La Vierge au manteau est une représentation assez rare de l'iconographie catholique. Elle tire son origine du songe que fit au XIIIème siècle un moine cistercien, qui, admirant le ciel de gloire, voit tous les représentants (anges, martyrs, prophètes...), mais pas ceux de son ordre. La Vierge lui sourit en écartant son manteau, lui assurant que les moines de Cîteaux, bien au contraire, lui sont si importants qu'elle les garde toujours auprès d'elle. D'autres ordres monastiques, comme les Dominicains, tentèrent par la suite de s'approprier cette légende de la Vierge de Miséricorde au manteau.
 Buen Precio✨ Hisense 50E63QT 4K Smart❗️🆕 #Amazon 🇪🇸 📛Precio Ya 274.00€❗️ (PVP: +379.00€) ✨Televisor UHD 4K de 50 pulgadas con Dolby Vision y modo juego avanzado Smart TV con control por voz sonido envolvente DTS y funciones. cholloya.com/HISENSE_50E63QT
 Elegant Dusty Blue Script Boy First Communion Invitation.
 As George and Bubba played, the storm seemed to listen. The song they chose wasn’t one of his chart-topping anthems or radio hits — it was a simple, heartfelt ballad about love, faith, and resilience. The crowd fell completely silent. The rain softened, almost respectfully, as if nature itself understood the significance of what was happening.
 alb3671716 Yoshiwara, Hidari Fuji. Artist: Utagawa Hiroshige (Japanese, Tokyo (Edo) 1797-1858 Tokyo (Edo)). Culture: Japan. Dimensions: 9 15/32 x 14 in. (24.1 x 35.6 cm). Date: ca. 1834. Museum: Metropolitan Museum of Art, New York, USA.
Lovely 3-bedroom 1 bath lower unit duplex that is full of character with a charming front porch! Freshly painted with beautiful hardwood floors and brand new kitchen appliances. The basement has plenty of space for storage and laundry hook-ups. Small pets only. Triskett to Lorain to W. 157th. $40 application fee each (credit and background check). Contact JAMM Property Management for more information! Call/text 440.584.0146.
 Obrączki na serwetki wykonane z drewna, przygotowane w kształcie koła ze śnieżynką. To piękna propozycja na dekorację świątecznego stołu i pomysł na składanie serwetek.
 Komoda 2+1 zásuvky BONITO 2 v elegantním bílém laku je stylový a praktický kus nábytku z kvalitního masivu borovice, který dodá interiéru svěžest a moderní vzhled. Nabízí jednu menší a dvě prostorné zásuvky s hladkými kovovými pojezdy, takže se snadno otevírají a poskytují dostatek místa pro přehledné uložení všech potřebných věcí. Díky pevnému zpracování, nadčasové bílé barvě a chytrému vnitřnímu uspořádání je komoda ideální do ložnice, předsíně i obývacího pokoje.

####################

Give back exactly the lines of the listing above that run from the line with "Buen Precio✨ Hisense" to the line with "Obrączki na serwetki", inclusive.

• ANSWER BOX:
 Buen Precio✨ Hisense 50E63QT 4K Smart❗️🆕 #Amazon 🇪🇸 📛Precio Ya 274.00€❗️ (PVP: +379.00€) ✨Televisor UHD 4K de 50 pulgadas con Dolby Vision y modo juego avanzado Smart TV con control por voz sonido envolvente DTS y funciones. cholloya.com/HISENSE_50E63QT
 Elegant Dusty Blue Script Boy First Communion Invitation.
 As George and Bubba played, the storm seemed to listen. The song they chose wasn’t one of his chart-topping anthems or radio hits — it was a simple, heartfelt ballad about love, faith, and resilience. The crowd fell completely silent. The rain softened, almost respectfully, as if nature itself understood the significance of what was happening.
 alb3671716 Yoshiwara, Hidari Fuji. Artist: Utagawa Hiroshige (Japanese, Tokyo (Edo) 1797-1858 Tokyo (Edo)). Culture: Japan. Dimensions: 9 15/32 x 14 in. (24.1 x 35.6 cm). Date: ca. 1834. Museum: Metropolitan Museum of Art, New York, USA.
Lovely 3-bedroom 1 bath lower unit duplex that is full of character with a charming front porch! Freshly painted with beautiful hardwood floors and brand new kitchen appliances. The basement has plenty of space for storage and laundry hook-ups. Small pets only. Triskett to Lorain to W. 157th. $40 application fee each (credit and background check). Contact JAMM Property Management for more information! Call/text 440.584.0146.
 Obrączki na serwetki wykonane z drewna, przygotowane w kształcie koła ze śnieżynką. To piękna propozycja na dekorację świątecznego stołu i pomysł na składanie serwetek.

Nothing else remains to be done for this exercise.